--- Record extracts Enclosed Below ---

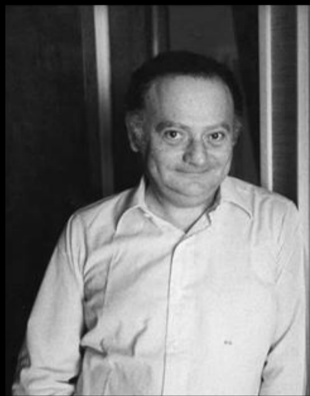
René Goscinny 1926 – 1977

Une surdose de médicaments provoque sa mort.
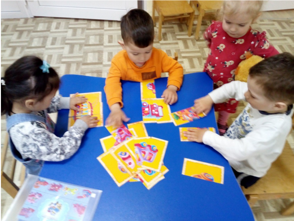
Закрепление игры во второй половине дня.
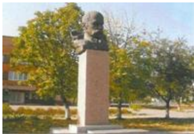
Пам'ятник, встановлений у 1988 році

Розміщений на проспекті Леніна поряд з гімназією № 1 імені Т. Г. Шевченка в м.Олександрія. Встановлений у 1988 році. У 2000-них рр. бюст було замінено, оскільки попередній почав руйнуватись під впливом погодних чинників.
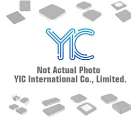
MC74VHC1GT32DFT2G ON ON SOT-353
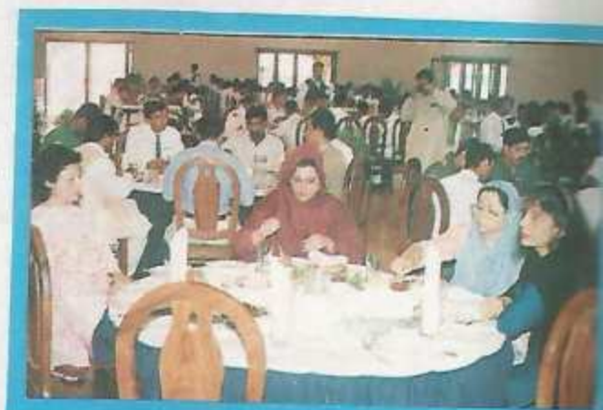
Guests in the New Mess
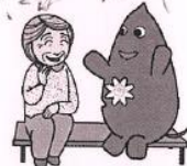
大和市イベントキャラクターヤマトン

私はみなさんと明るくお話し して笑って元気で行きたいです 家で暮らしているとさびしく、喜んで お話しお話を聞くと明るく 元気になります
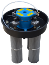
SP Druckluftabreinigung Antistatischer M Klasse Filter (EN 60335-2-69), 4 Polyester Filterpatrone, 12 m 2 Filterfläche
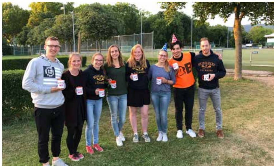
Zum Saisonabschluss wurden Spieler mit besonders tollen Leistungen geehrt und erhielten je eine Tasse

Jetzt freuen wir uns auf den Sommer mit vielen Turnieren und die Vorbereitung auf die nächste Saison.
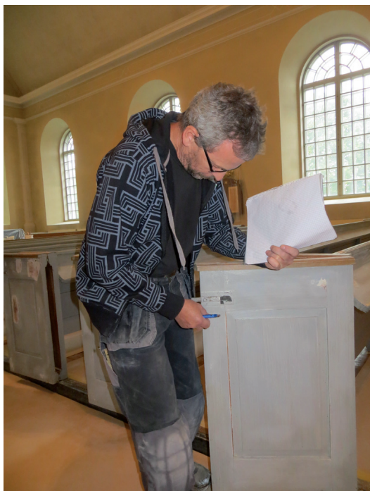
Inför ommålningen justerades bänkdörrarna så att de gick att stänga på ett enkelt sätt. Reglarna rengjordes så att de inte hakar upp sig. Vid demonteringen av gångjärn, regler eller andra beslag återanvändes befintliga spårskruvar.
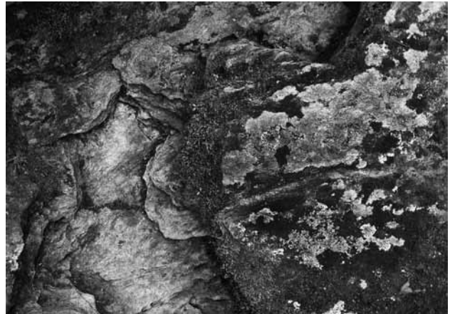
Fig. 8 L'étoile et le cordon ombilical
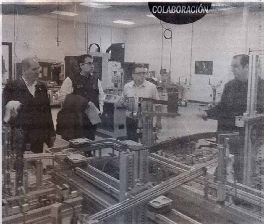
Personal docente y directivo de la UAM Rodhe realizó una reunión de trabajo con sus pares del South Texas College, en McAllen, reafirmando el objetivo de la UAT de ampliar los horizontes académicos más allá de nuestras fronteras.

En su visita, conocieron la infraestructura y equipamiento, así como los diversos programas de enseñanza y capacitación que imparten estos campus, de los cinco que comprende este colegio público comunitario en el
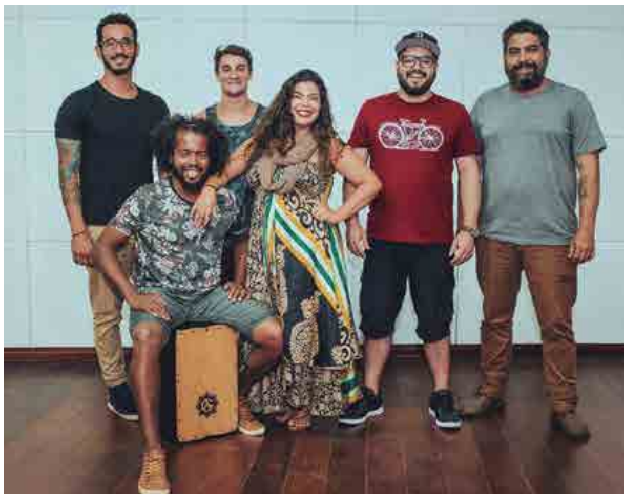
Berimbaobab (acima) abre a noite, amanhã, com show especial que reúne trabalhos solos dos integrantes; em seguida, Os Eloquentes (ao lado) anima o projeto com sua mistura de reggae e música pop
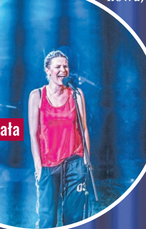
„Kobieta, która wpadła na drzwi”

w mrok szaleństwa genialnego artysty – Sergieja Rachmaninowa. Pianista cierpi na depresyjną paranoję i silne stany lękowe. Z pomocą przychodzą najbliżsi Rachmaninowa,
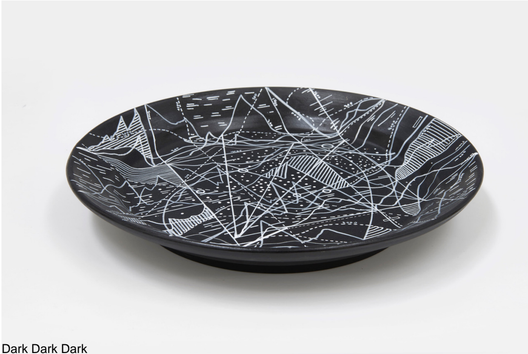
Dark Dark Dark

The jar, which represents one of the first supports for transporting and storing different liquids such as water, and the plate, which represents our relationship to food and therefore to the energy that allows us to continue living. Sculpture then brings together the concept of the medium and the archive at the same time.

--- End of Enclosed Record extracts ---

▶ [Task brief]
Print each line of the material above exactly, with the pictures removed from your copy.

▶ [Solution to the exercise]
René Goscinny 1926 – 1977

Une surdose de médicaments provoque sa mort.
Закрепление игры во второй половине дня.
Пам'ятник, встановлений у 1988 році

Розміщений на проспекті Леніна поряд з гімназією № 1 імені Т. Г. Шевченка в м.Олександрія. Встановлений у 1988 році. У 2000-них рр. бюст було замінено, оскільки попередній почав руйнуватись під впливом погодних чинників.
MC74VHC1GT32DFT2G ON ON SOT-353
Guests in the New Mess
大和市イベントキャラクターヤマトン

私はみなさんと明るくお話し して笑って元気で行きたいです 家で暮らしているとさびしく、喜んで お話しお話を聞くと明るく 元気になります
SP Druckluftabreinigung Antistatischer M Klasse Filter (EN 60335-2-69), 4 Polyester Filterpatrone, 12 m 2 Filterfläche
Zum Saisonabschluss wurden Spieler mit besonders tollen Leistungen geehrt und erhielten je eine Tasse

Jetzt freuen wir uns auf den Sommer mit vielen Turnieren und die Vorbereitung auf die nächste Saison.
Inför ommålningen justerades bänkdörrarna så att de gick att stänga på ett enkelt sätt. Reglarna rengjordes så att de inte hakar upp sig. Vid demonteringen av gångjärn, regler eller andra beslag återanvändes befintliga spårskruvar.
Fig. 8 L'étoile et le cordon ombilical
Personal docente y directivo de la UAM Rodhe realizó una reunión de trabajo con sus pares del South Texas College, en McAllen, reafirmando el objetivo de la UAT de ampliar los horizontes académicos más allá de nuestras fronteras.

En su visita, conocieron la infraestructura y equipamiento, así como los diversos programas de enseñanza y capacitación que imparten estos campus, de los cinco que comprende este colegio público comunitario en el
Berimbaobab (acima) abre a noite, amanhã, com show especial que reúne trabalhos solos dos integrantes; em seguida, Os Eloquentes (ao lado) anima o projeto com sua mistura de reggae e música pop
„Kobieta, która wpadła na drzwi”

w mrok szaleństwa genialnego artysty – Sergieja Rachmaninowa. Pianista cierpi na depresyjną paranoję i silne stany lękowe. Z pomocą przychodzą najbliżsi Rachmaninowa,
Dark Dark Dark

The jar, which represents one of the first supports for transporting and storing different liquids such as water, and the plate, which represents our relationship to food and therefore to the energy that allows us to continue living. Sculpture then brings together the concept of the medium and the archive at the same time.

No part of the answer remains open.